Page 1: Introduction
One of the most significant economic developments is the internationalisation and globalisation of commerce. Almost every type of business is influenced by global events - businesses now face tough competition in home markets from overseas producers, but benefit from new sources of products, parts and goods which have become available. Companies today have extended their geographical markets as well as the areas in which they purchase and manufacture - creating a much more complex and competitive business environment at a time of rapid growth in world trade.

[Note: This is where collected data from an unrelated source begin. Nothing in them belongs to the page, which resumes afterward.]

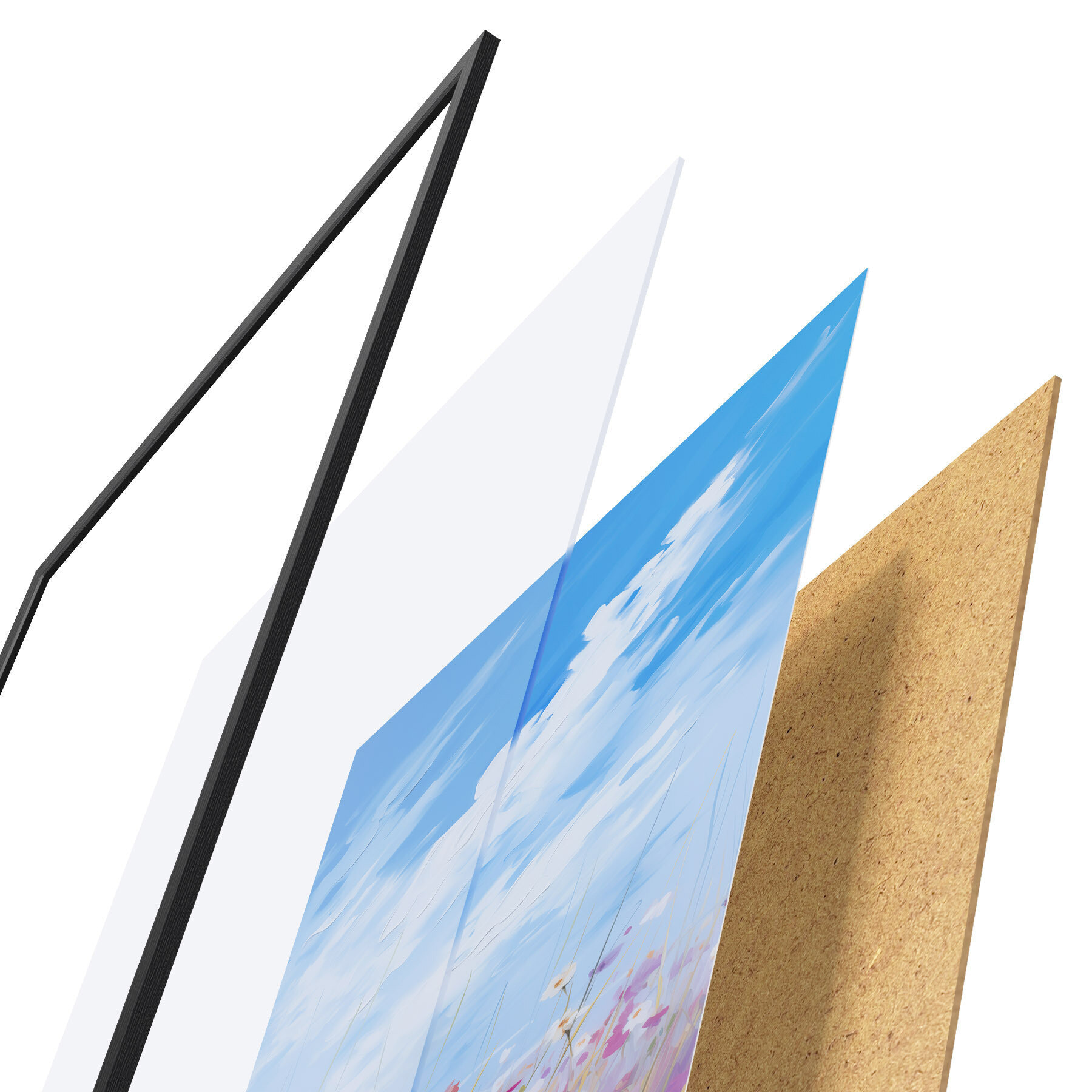 Plakatą sudaro rėmas, pleksiklas, atspausdintas vaizdas ir medžio drožlių plokštės pagrindas. Plakatą galima iš karto pakabinti ant sienos dėl kitoje pusėje esančių laikiklių.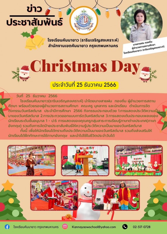 โรงเรียนคันนายาว(ธารินเจริญสงเคราะห์) นำโดยนางสายฝน ทองถิ่น ผู้อำนวยการสถานศึกษา พร้อมด้วยรองผู้อำนวยการสถานศึกษา คณะครู บุคลากร และนักเรียน ดำเนินการจัดกิจกรรมวันคริสต์มาส ประจำปีการศึกษา 2566 กิจกรรมประกอบด้วย 1.การแสดงประวัติความเป็นมาของวันคริสต์มาส 2.การประกวดออกแบบการ์ดวันคริสต์มาส 3.การแสดงเต้นประกอบเพลงของนักเรียนระดับชั้นอนุบาล 1 - ป.6 การแสดงของคุณครูกลุ่มสาระการเรียนรู้ภาษาต่างประเทศ(ภาษาอังกฤษ) รวมถึงการจัดป้ายประชาสัมพันธ์ให้ความรู้ประวัติความเป็นมาของวันคริสต์มาส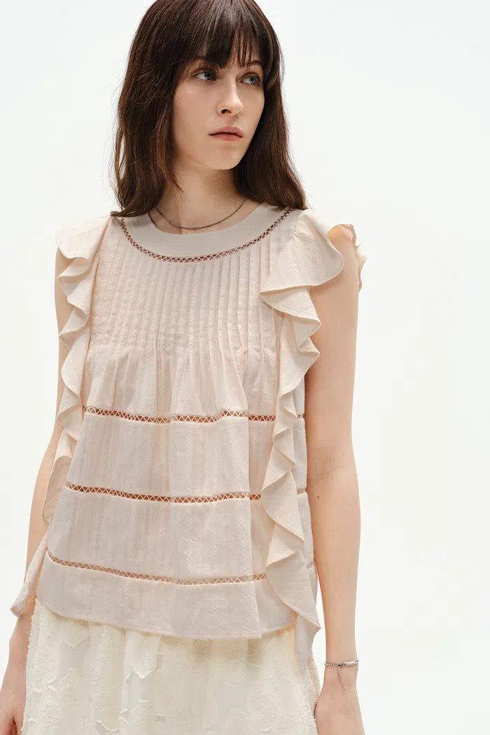 Top sin mangas con volantes artesanal Agnes en algodón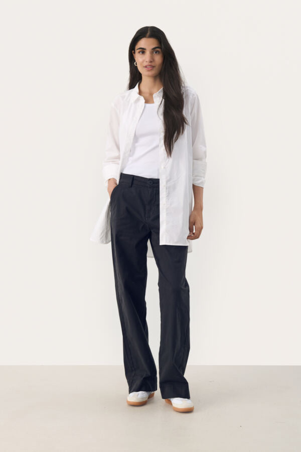 Modellen er 176 cm høj og bærer en størrelse 36. Disse bukser med vidde er lavet af en blød bomuldsblanding, der giver en afslappet men elegant pasform. Med mellemhøj talje, sidelommer og knaplukning er de perfekte til både hverdags- og kontorlooks. Style dem med en bluse eller strik for et raffineret outfit.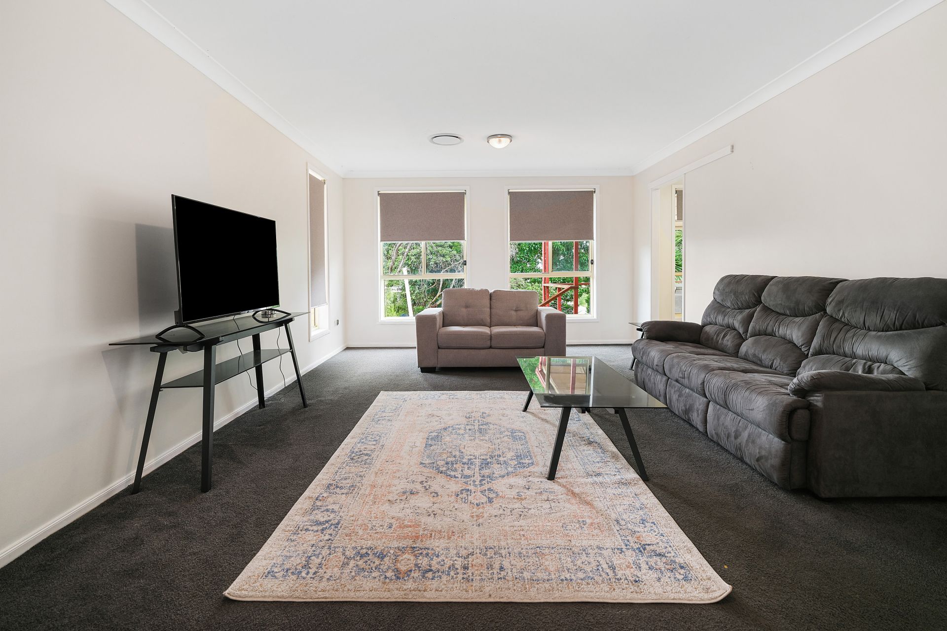 - Large open-plan living area with freshly laid carpet, offering comfort and space for the whole family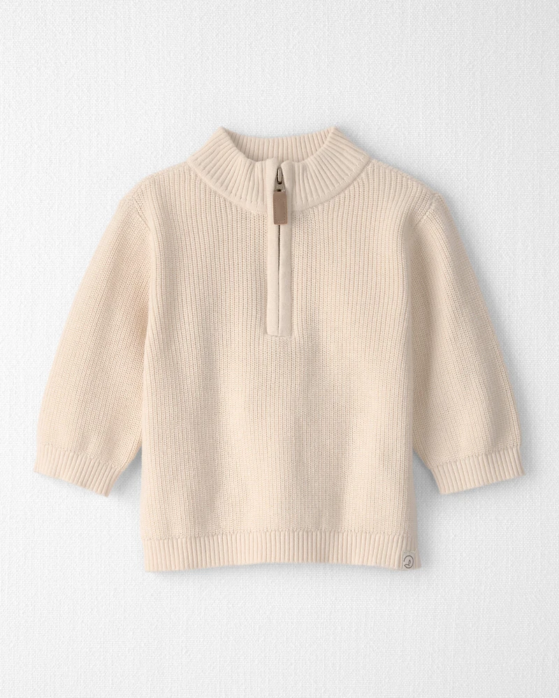 Made with certified organic cotton, this sweater knit layer keeps them warm through the cooler seasons. The functional quarter zip and mock-neck collar bring easy versatility, while ribbed cuffs and a ribbed hem help hold in coziness. Its neutral design works well for both boys and girls, making it simple to pass from one sibling to the next. A timeless everyday piece for everything from slow mornings at home to crisp days outdoors. Crafted in the purest organic fabrics and sustainable materials, Little Planet is a return to simplicity. Thoughtful essentials and timeless pieces to gift or to hold on to.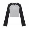 Y2k Vintage krótki top z długim rękawem t-shirty damskie koreański moda Harajuku Kpop estetyczne koszulki z nadrukami Patchwork jesień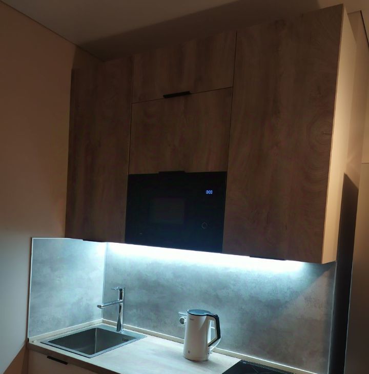 Современная мебель и техника (индукционная плита, вытяжка, встроенная микроволновка, полноценный большой холодильник с системой no frost) — можно заехать и жить сразу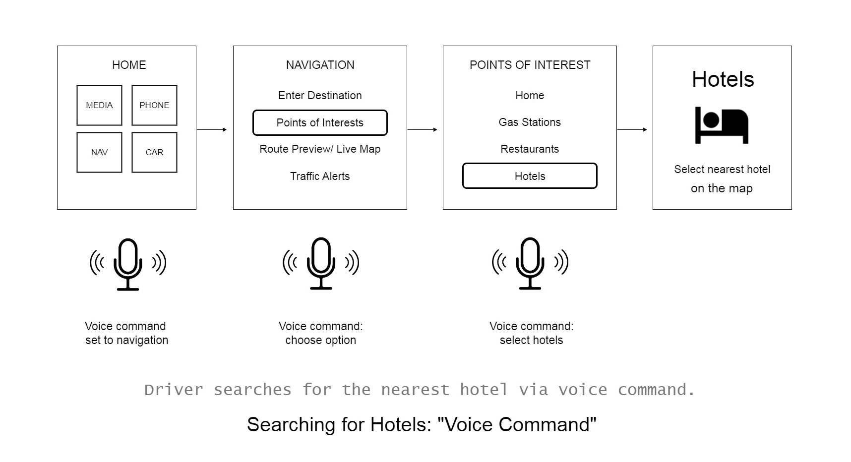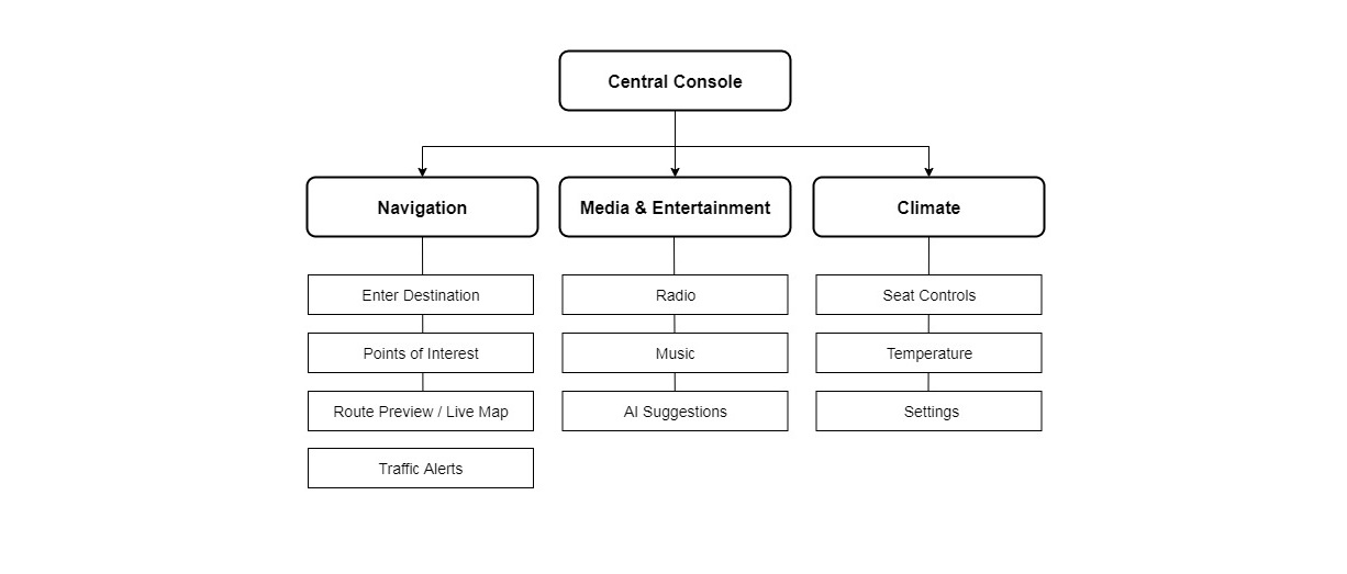 These sketches illustrate key user flows within the infotainment system, demonstrating how seamless interactions are achieved across both driver and passenger touchpoints.

In order to achieve customer satisfaction, businesses must ensure that products and services are available for customers as promised, at the right time and in the right place. Businesses must operate a range of innovative manufacturing concepts, such as just-in-time production, which affects how successfully they cater for their customers. Just-in-time means that production materials arrive at a customer’s factory exactly as they are needed for production, thus avoiding costs of storing materials until they are used. It calls for close coordination between the supplier and the customer, as well as an efficient distribution system. Logistics is a key element in guiding the planning and development of many businesses. High standards of logistics, for example, might allow a supplier to deliver 99% of customer orders within 48 hours of the order receipt - helping that company to win new customers and retain existing ones.
A key industry which has grown rapidly in recent years is that of Air Cargo. The industry has been supported in its response to the process of change with state-of-the-art technology and some of the latest engineering concepts in the world.
This case study focuses upon a pan-European project which involves GEC ALSTHOM and Lödige who are currently developing a Materials Handling System for British Airways at its New World Cargocentre at London Heathrow Airport.